Application of Deep Learning Models to Improve Ulcerative Colitis Endoscopic Disease Activity Scoring Under Multiple Scoring Systems.
Byrne MF., Panaccione R., East JE., Iacucci M., Parsa N., Kalapala R., Reddy DN., Rughwani HR., Singh AP., Berry SK., Monsurate R., Soudan F., Laage G., Cremonese ED., St-Denis L., Lemaître P., Nikfal S., Asselin J., Henkel ML., Travis SP.

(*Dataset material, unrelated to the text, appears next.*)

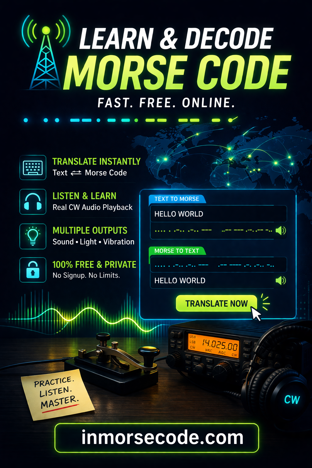 InMorse Code bir bağlantı paylaştı & şudur Arıyor Amateur Radio Operators , Students & Hobbyists, Emergency Preppers, Teachers & Puzzle DesignersInMorseCode.com is a free online Morse code translator. Convert text to Morse, decode Morse to text, and listen to audio. No signup. 100% private. Learn or use Morse code in seconds.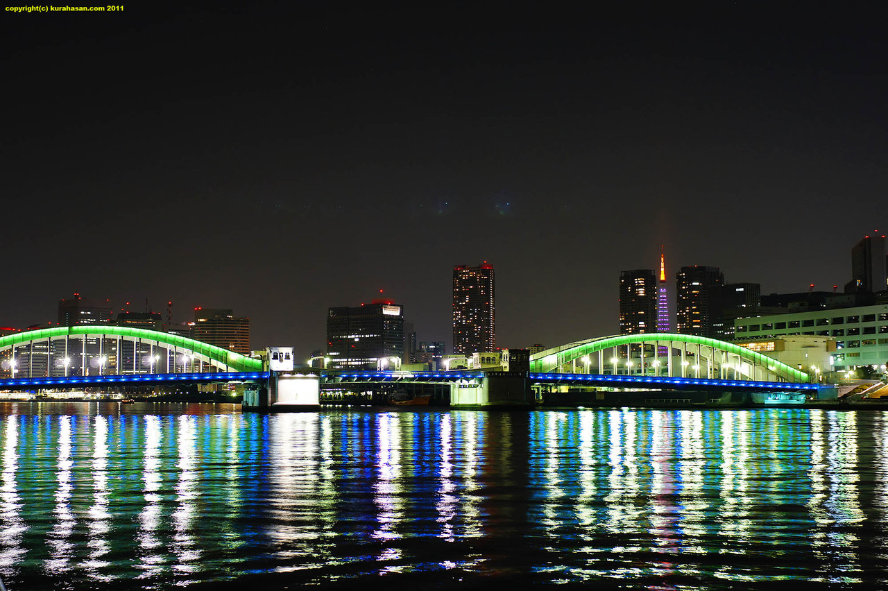 鉄も夜景も撮影します。 まだ震災前で電力が豊富だった頃、ライトアップされていた勝鬨橋です。 東京タワーがタケノコのように”生えて”いました。

BACKGROUND & AIMS: Lack of clinical validation and inter-observer variability are two limitations of endoscopic assessment and scoring of disease severity in patients with Ulcerative Colitis. We developed a deep learning (DL) model to improve, accelerate and automate UC detection, and predict the Mayo Endoscopic Subscore (MES) and the Ulcerative Colitis Endoscopic Index of Severity (UCEIS). METHODS: A total of 134 prospective videos (1,550,030 frames) were collected and those with poor quality were excluded. The frames were labeled by experts based on MES and UCEIS scores. The scored frames were used to create a preprocessing pipeline and train multiple convolutional neural networks (CNNs) with proprietary algorithms in order to filter, detect and assess all frames. These frames served as the input for the DL model, with the output being continuous scores for MES and UCEIS (and its components). A graphical user interface was developed to support both labeling video sections and displaying the predicted disease severity assessment by the AI from endoscopic recordings. RESULTS: Mean absolute error (MAE) and mean bias were used to evaluate the distance of continuous model's predictions from ground truth and its possible tendency to over/under-predict were excellent for MES and UCEIS. The quadratic weighted kappa used to compare the inter-rater agreement between experts' labels and the model's predictions showed strong agreement (0.87, 0.88 frame-level, 0.88, 0.90 section-level and 0.90, 0.78 at video-level, for MES and UCEIS, respectively). CONCLUSIONS: We present the first fully automated tool that improves the accuracy of the MES and UCEIS, reduces the time between video collection and review, and improves subsequent quality assurance and scoring.